* Data provided:
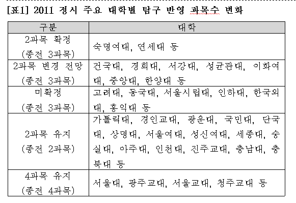 주요대 정시 탐구 2과목 반영 축소 전망
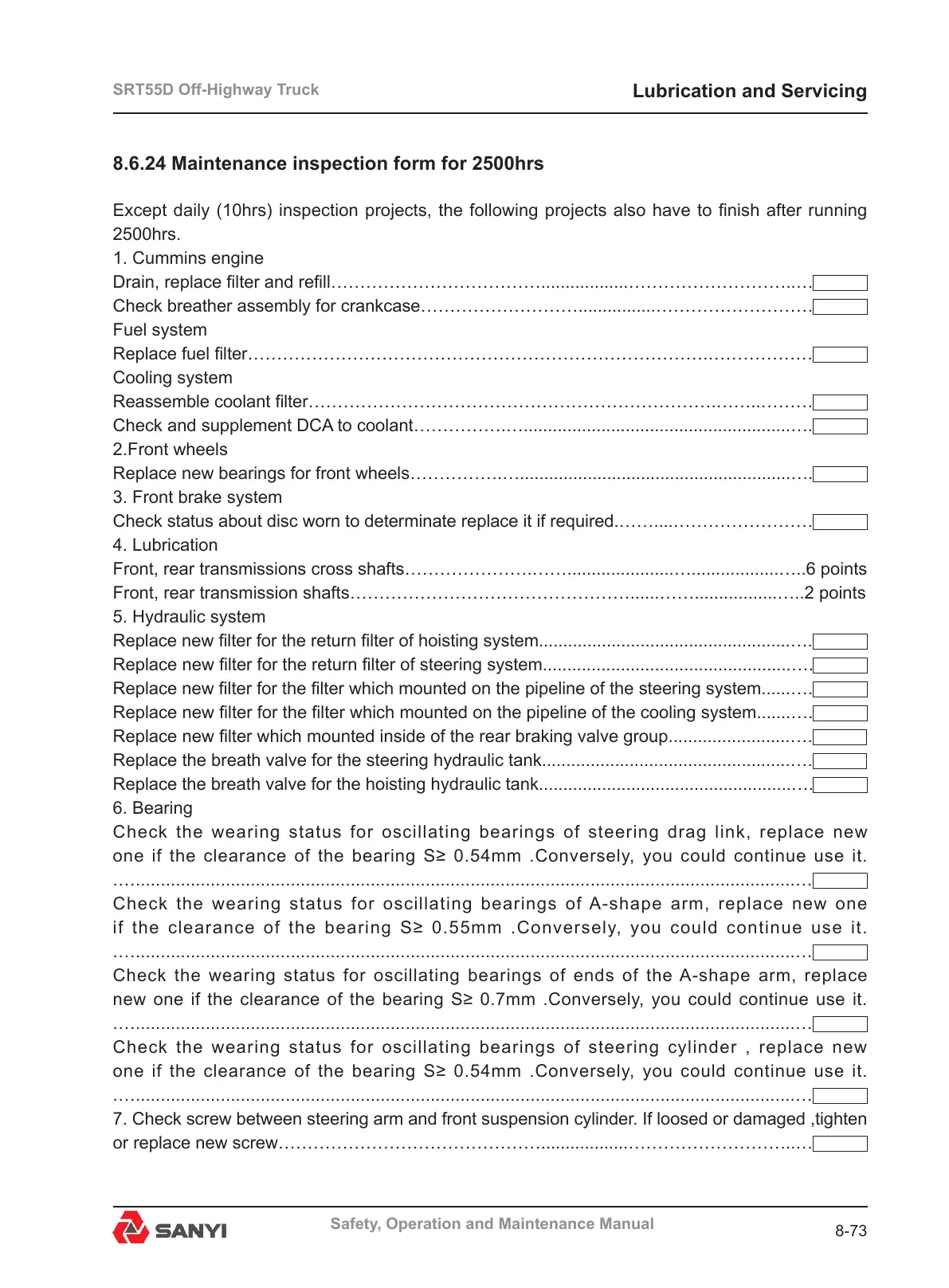 Except daily (10hrs) inspection projects, the following projects also have to nish after running
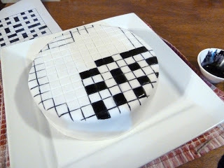 I got the basic idea and method for how to do this from the Cake or death? website (see the cryptic crossword cake close up, and Janet's decoration technique). This is her cryptic crossword cake, which I love. Looks, an icing pencil! She's gone as far as adding custom cryptic clues, a step I haven't done (this time!) ... the by Araucakia line is hilarious (a take on Araucaria, a famous UK cryptic setter). I also highly approve of her Eddie Izzard Cake or death? connection!

* Task brief:
Please return the whole listing exactly. Do not copy its images.

* Your solution:
 주요대 정시 탐구 2과목 반영 축소 전망
 Except daily (10hrs) inspection projects, the following projects also have to nish after running
 I got the basic idea and method for how to do this from the Cake or death? website (see the cryptic crossword cake close up, and Janet's decoration technique). This is her cryptic crossword cake, which I love. Looks, an icing pencil! She's gone as far as adding custom cryptic clues, a step I haven't done (this time!) ... the by Araucakia line is hilarious (a take on Araucaria, a famous UK cryptic setter). I also highly approve of her Eddie Izzard Cake or death? connection!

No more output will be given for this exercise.